═══ RECORDS SHOWN ═══
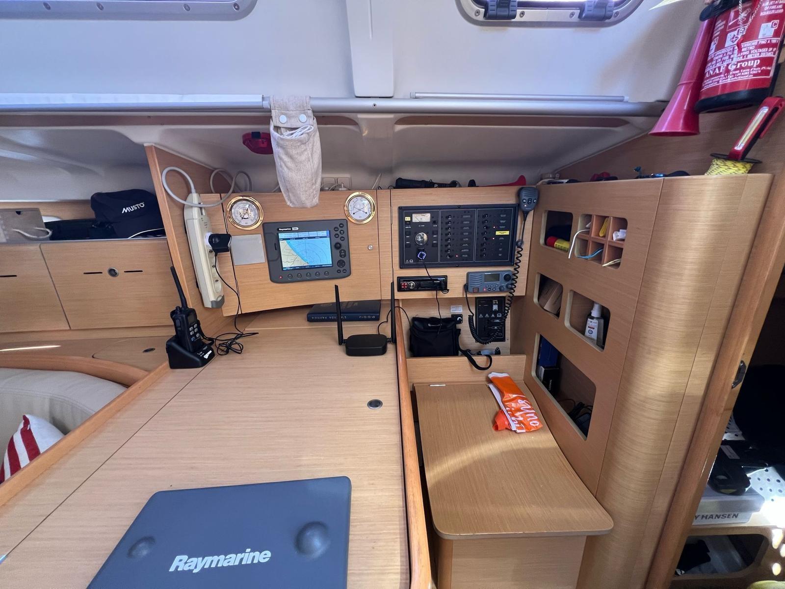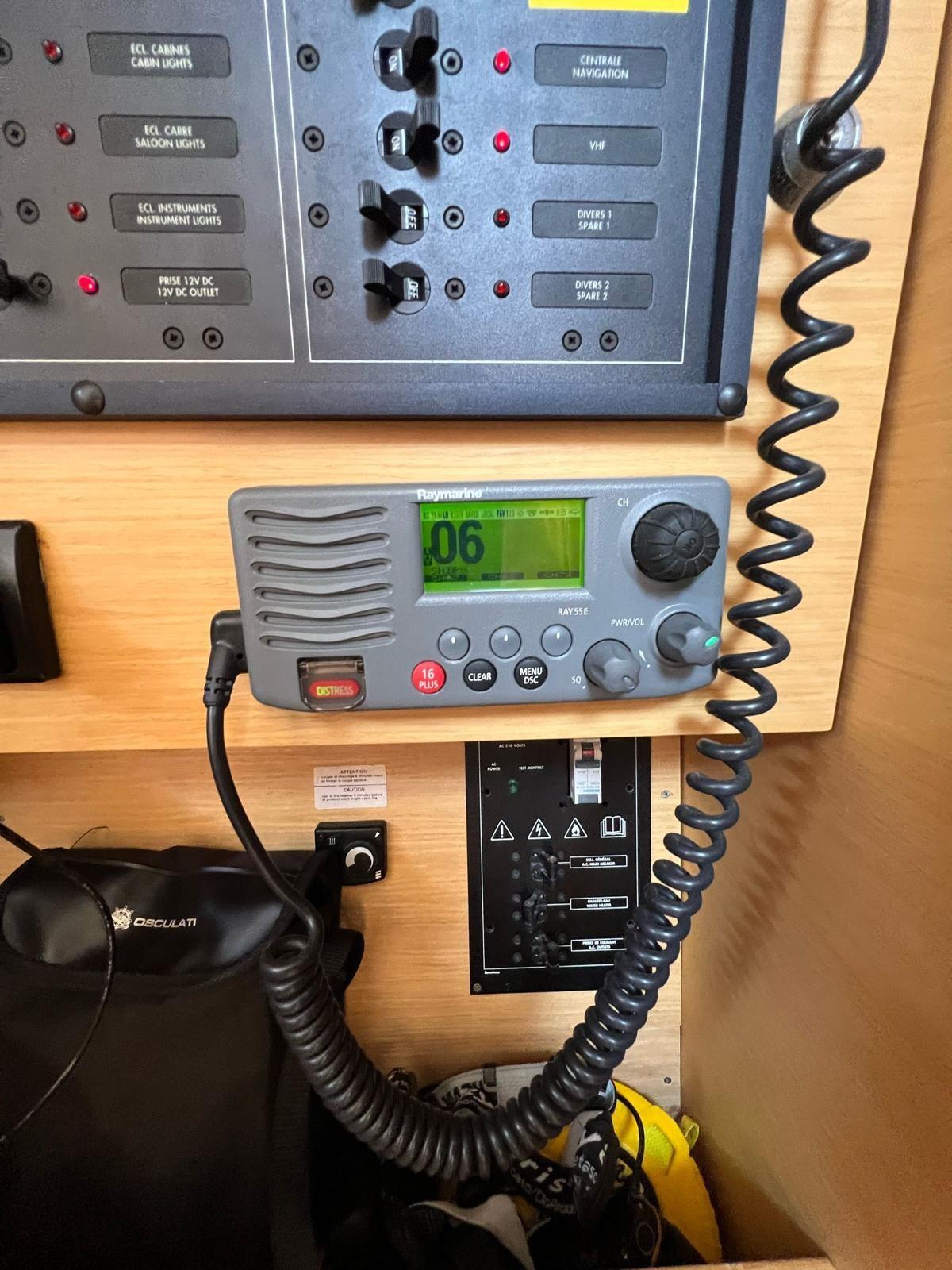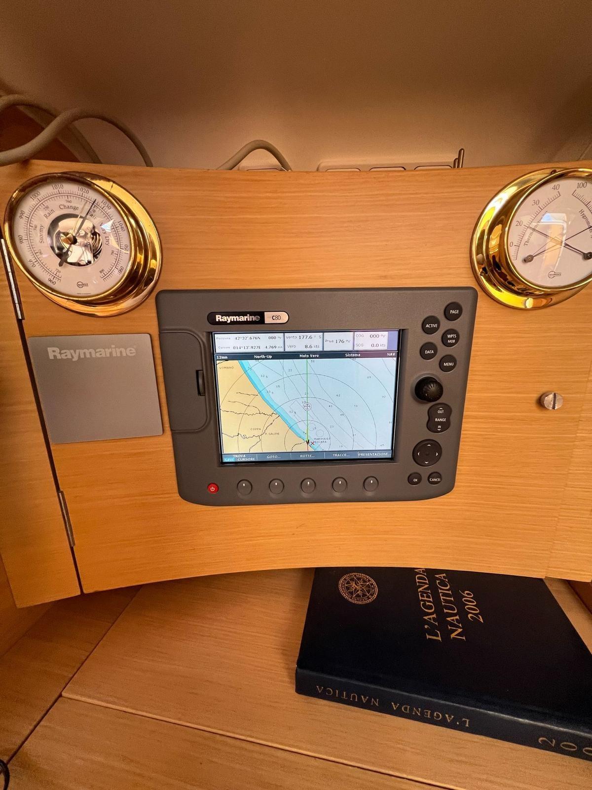Plotter (Raymarine Axiom 7" in pozzetto / Raymarine C80 interno), Radio VHF (Raymarine).
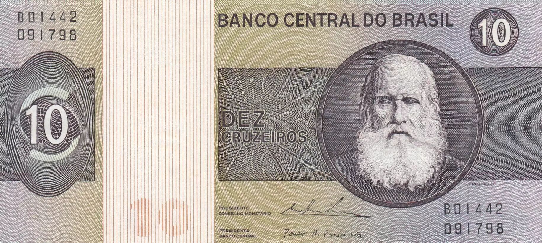 Ce billet de banque de 10 cruzeiros brésiliens, émis en 1974, fait partie de la Série B. Il a été conçu par Aloísio Sérgio Barbosa de Magalhães.
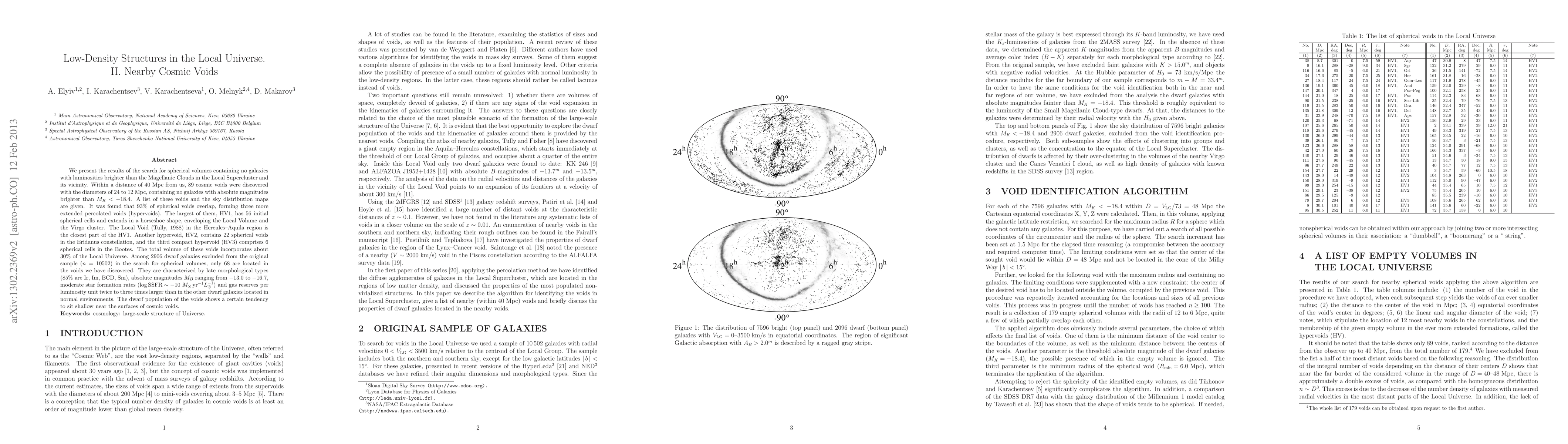 This paper identifies 89 cosmic voids within 40 Mpc of the Local Supercluster, each containing no galaxies brighter than the Magellanic Clouds. The voids merge to form three larger hypervoids, with the largest encompassing the Local Volume and Virgo cluster. Dwarf galaxies in these voids exhibit late types and higher gas reserves compared to those in normal environments.
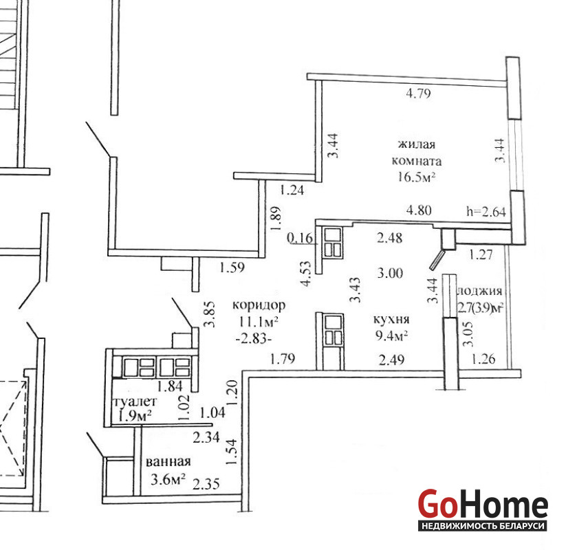 Параметры квартиры: общая площадь- 45,8 кв м, жилая площадь- 16,5 кв м, кухня- 9,4 кв м.
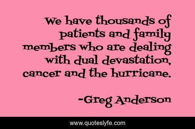 This page presents the quote "We have thousands of patients and family members who are dealing with dual devastation, cancer and the hurricane.". Author of this quote is Greg Anderson. This quote is about dealing, hurricane, cancer,.
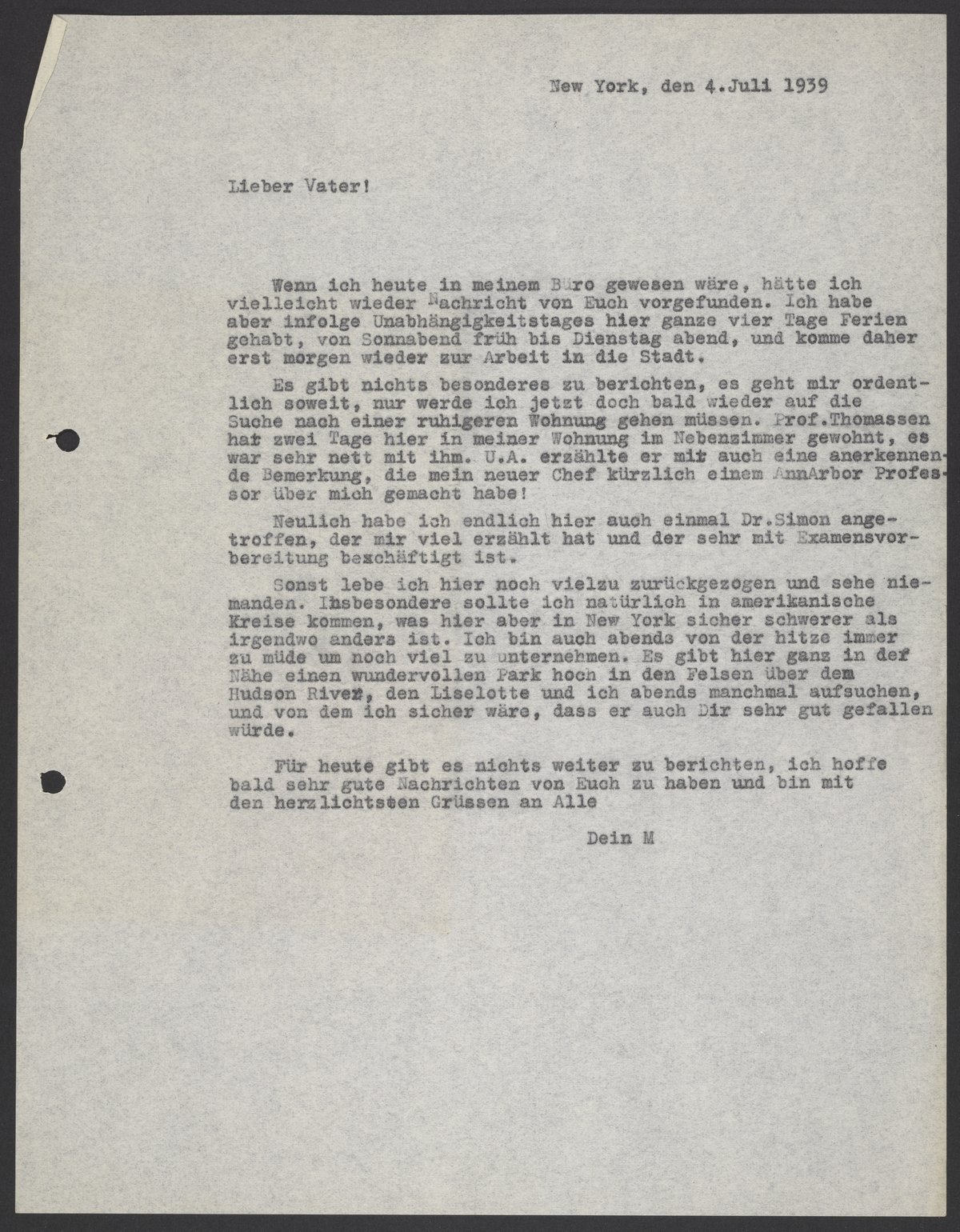 Max Albert Bredig (1902-1977) writes to his father, Georg Bredig (1868-1944) about his life in New York City.
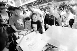 5月1日,游客在杭州清河坊历史街区观看糖画制作。
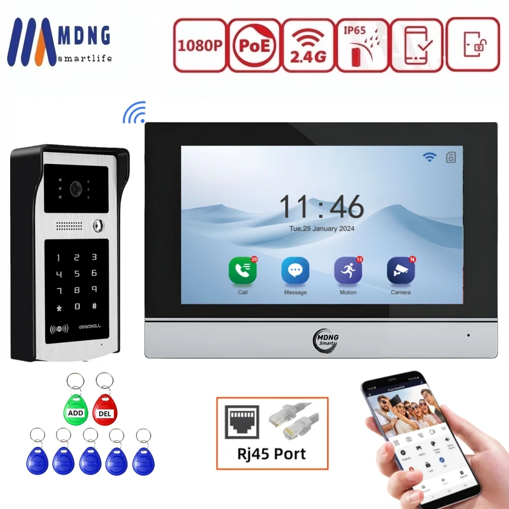 4선 빌라 비주얼 인터콤 디스플레이 1080P IPS 화면은 TUYA에 대한 무선 WiFi 연결, 원클릭 잠금 해제 등을 지원합니다.
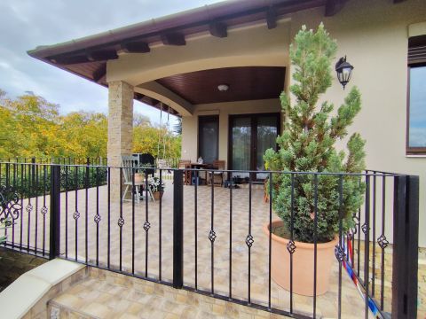 A 2022-ben kiváló minőségben épült, azonnal költözhető ingatlan helyiségei: előtér, a nappali-étkezővel egy légtérben, de külön helyiségben kialakított konyha, kamra, 3 hálószoba, közlekedő, fürdőszoba, külön WC kézmosóval, mosókonyha-kazánház, két fedett terasz.
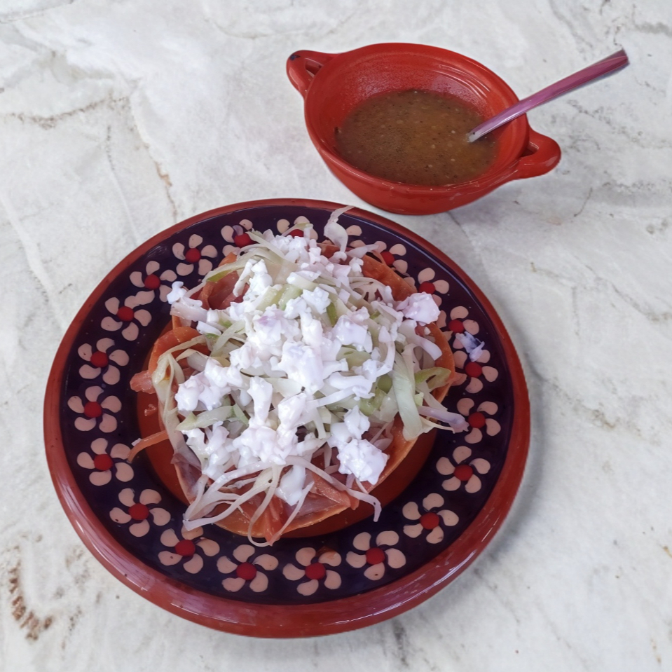 Deliciosa cochinita pibil jugosa y llena de sabor, servida sobre un panucho crujiente con frijoles refritos y cebolla encurtida. Un clásico y auténtico bocado yucateco.
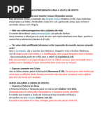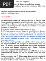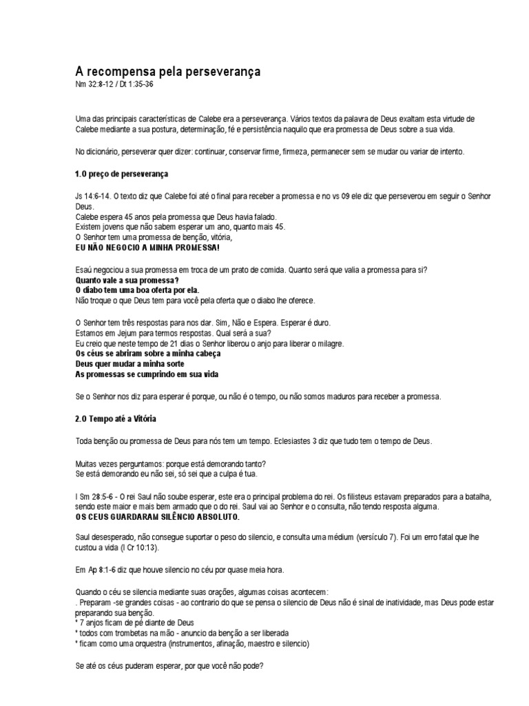 Nm 32:8-12 / Dt 1:35-36 Uma das principais caractersticas de Calebe era a perseverana. Vrios textos da palavra de Deus exaltam esta virtude de Calebe mediante a sua postura, determinao, f e persistncia naquilo que era promessa de Deus sobre a sua vida. No dicionrio, perseverar quer dizer: continuar, conservar firme, firmeza, permanecer sem se mudar ou variar de intento. 1.O preo de perseverana Js 14:6-14. O texto diz que Calebe foi at o final para receber a promessa e no vs 09 ele diz que perseverou em seguir o Senhor Deus. Calebe espera 45 anos pela promessa que Deus havia falado. Existem jovens que no sabem esperar um ano, quanto mais 45. O Senhor tem uma promessa de beno, vitria, EU NO NEGOCIO A MINHA PROMESSA! Esa negociou a sua promessa em troca de um prato de comida. Quanto ser que valia a promessa para si? Quanto vale a sua promessa? O diabo tem uma boa oferta por ela. No troque o que Deus tem para voc pela oferta que o diabo lhe oferece. O Senhor tem trs respostas para nos dar. Sim, No e Espera. Esperar duro. Estamos em Jejum para termos respostas. Qual ser a sua? Eu creio que neste tempo de 21 dias o Senhor liberou o anjo para liberar o milagre. Os cus se abriram sobre a minha cabea Deus quer mudar a minha sorte As promessas se cumprindo em sua vida Se o Senhor nos diz para esperar porque, ou no o tempo, ou no somos maduros para receber a promessa. 2.O Tempo at a Vitria Toda beno ou promessa de Deus para ns tem um tempo. Eclesiastes 3 diz que tudo tem o tempo de Deus. Muitas vezes perguntamos: porque est demorando tanto? Se est demorando eu no sei, s sei que a culpa tua. I Sm 28:5-6 - O rei Saul no soube esperar, este era o principal problema do rei. Os filisteus estavam preparados para a batalha, sendo este maior e mais bem armado que o do rei. Saul vai ao Senhor e o consulta, no tendo resposta alguma. OS CEUS GUARDARAM SILNCIO ABSOLUTO. Saul desesperado, no consegue suportar o peso do silencio, e consulta uma mdium (versculo 7). Foi um erro fatal que lhe custou a vida (I Cr 10:13). Em Ap 8:1-6 diz que houve silencio no cu por quase meia hora. Quando o cu se silencia mediante suas oraes, algumas coisas acontecem: . Preparam -se grandes coisas - ao contrario do que se pensa o silencio de Deus no sinal de inatividade, mas Deus pode estar preparando sua beno. * 7 anjos ficam de p diante de Deus * todos com trombetas na mo - anuncio da beno a ser liberada * ficam como uma orquestra (instrumentos, afinao, maestro e silencio) Se at os cus puderam esperar, por que voc no pode?
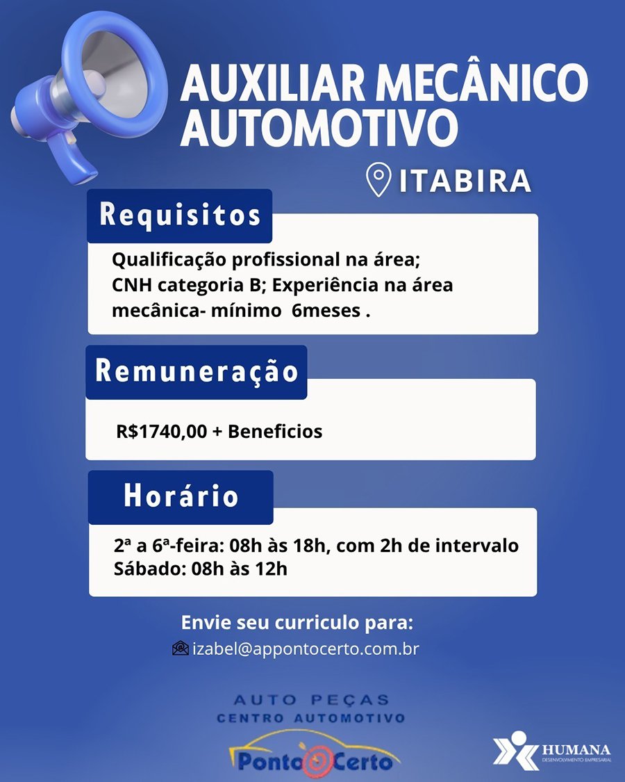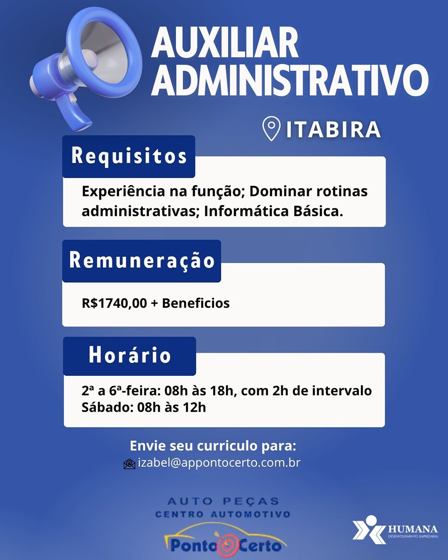 Os interessados pelas vagas de emprego deverão enviar currículo para o email <strong>izabel@appontocerto.combr</strong> <em>O Portal Fatos de Minas não faz o agendamento de entrevistas, apenas divulga a vaga.</em> <img class="aligncenter size-full wp-image-96209" src="https://fatosdeminas.com.br/wp-content/uploads/2026/04/PONTO-CERTO-13-de-abril1.jpg" alt="" width="900" height="1125" /> <img class="aligncenter size-full wp-image-96208" src="https://fatosdeminas.com.br/wp-content/uploads/2026/04/PONTO-CERTO-13-de-abril.jpg" alt="" width="900" height="1125" />
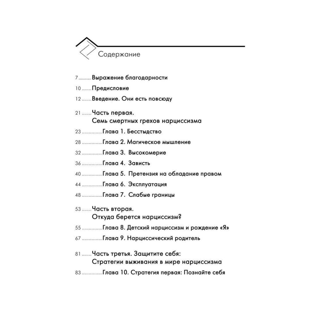 Авторка описує «сім смертних гріхів» нарцисизму, а також механізми їхнього формування, пов'язані з батьківським вихованням і навколишньою культурою.
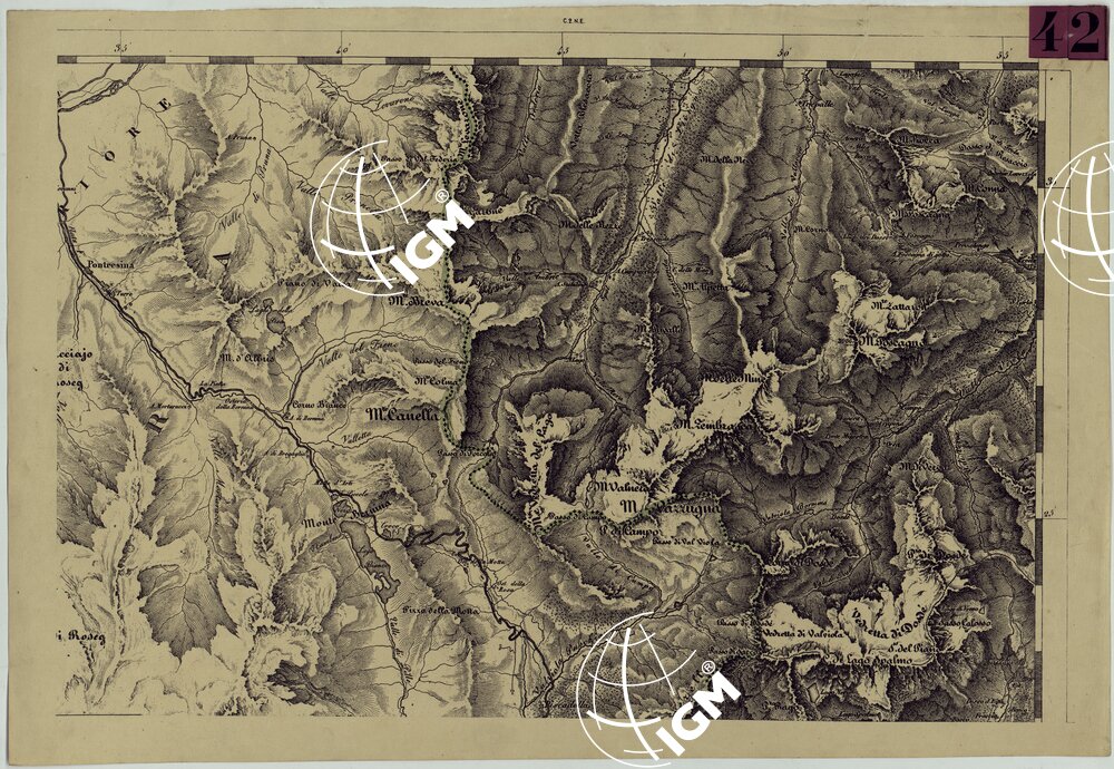 Ingrandimento meccanico al 50.000 delle carte alla scala di 1:86.400 pubblicate dall’I.G.M. Austriaco. Lavoro ordinato dal Comando dello S.M. Italiano e lasciato interotto.
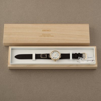 To celebrate their 145th anniversary, Seiko released this beautiful Presage watch, inspired by a classic Seiko pocket watch called ‘Timekeeper type 17’. It is a Limited Edition watch with gold accents, celebrating Seiko's enriching life with joy and beauty. Like the pocket watch, it features an onion-shaped crown, and a bezel adorned with intricate details, to echo the silhouette of the historic timepiece. And like the original, this watch features a hand made white enamel dial, the uneven surface of which is unique, no two are exactly alike. It is marked with classic Roman numerals ensuring high legibility, while the box-shaped crystal adds depth to the design. As a member of the Leather Working Group (LWG) Seiko sourced the strap from a sustainable LWG-certified tannery.
═══
*ASSIGNMENT*
The answer is the lines of the material above, from the one containing "Ce billet de" down to the one containing "Max Albert Bredig", given exactly and without images.

*EXPECTED OUTPUT*
 Ce billet de banque de 10 cruzeiros brésiliens, émis en 1974, fait partie de la Série B. Il a été conçu par Aloísio Sérgio Barbosa de Magalhães.
 This paper identifies 89 cosmic voids within 40 Mpc of the Local Supercluster, each containing no galaxies brighter than the Magellanic Clouds. The voids merge to form three larger hypervoids, with the largest encompassing the Local Volume and Virgo cluster. Dwarf galaxies in these voids exhibit late types and higher gas reserves compared to those in normal environments.
 Параметры квартиры: общая площадь- 45,8 кв м, жилая площадь- 16,5 кв м, кухня- 9,4 кв м.
 This page presents the quote "We have thousands of patients and family members who are dealing with dual devastation, cancer and the hurricane.". Author of this quote is Greg Anderson. This quote is about dealing, hurricane, cancer,.
 Max Albert Bredig (1902-1977) writes to his father, Georg Bredig (1868-1944) about his life in New York City.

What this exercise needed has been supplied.